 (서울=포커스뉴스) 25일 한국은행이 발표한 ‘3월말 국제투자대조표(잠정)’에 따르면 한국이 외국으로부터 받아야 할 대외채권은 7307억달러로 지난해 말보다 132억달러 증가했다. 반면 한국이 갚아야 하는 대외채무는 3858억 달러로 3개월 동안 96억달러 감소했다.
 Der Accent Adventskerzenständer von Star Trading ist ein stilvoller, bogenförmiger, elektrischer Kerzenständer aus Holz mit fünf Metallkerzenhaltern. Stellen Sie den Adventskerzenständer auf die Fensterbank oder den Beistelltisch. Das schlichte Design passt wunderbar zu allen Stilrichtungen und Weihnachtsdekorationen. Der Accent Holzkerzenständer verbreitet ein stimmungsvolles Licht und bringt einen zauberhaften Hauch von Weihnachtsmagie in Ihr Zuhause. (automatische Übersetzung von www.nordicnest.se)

* * *

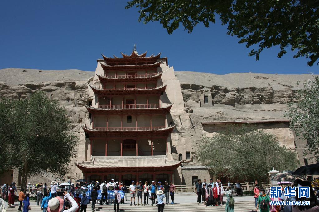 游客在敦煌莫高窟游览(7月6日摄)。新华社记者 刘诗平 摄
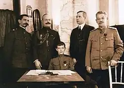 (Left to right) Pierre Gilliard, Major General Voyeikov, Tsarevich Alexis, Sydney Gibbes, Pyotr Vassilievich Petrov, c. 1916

---

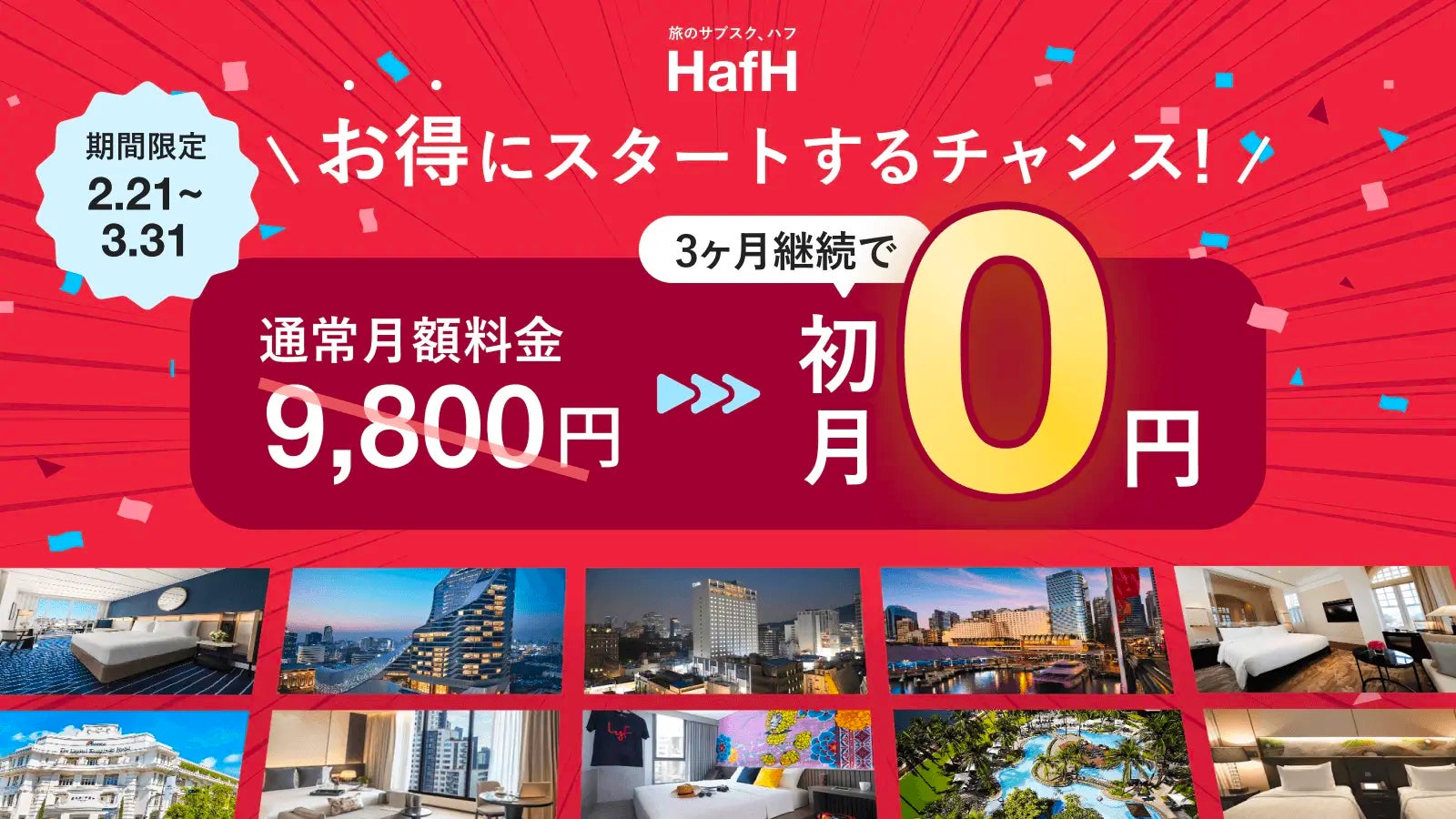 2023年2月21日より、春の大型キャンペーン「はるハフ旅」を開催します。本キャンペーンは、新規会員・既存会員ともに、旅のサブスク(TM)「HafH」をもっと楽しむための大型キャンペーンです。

## Problem requirements
Taking the records above, print only and exactly the lines from the line with "游客在敦煌莫高窟游览(7月6日摄)。新华社记者 刘诗平 摄" to the line with "(Left to right)", both kept, and exclude pictures.

## Exercise response
 游客在敦煌莫高窟游览(7月6日摄)。新华社记者 刘诗平 摄
 (Left to right) Pierre Gilliard, Major General Voyeikov, Tsarevich Alexis, Sydney Gibbes, Pyotr Vassilievich Petrov, c. 1916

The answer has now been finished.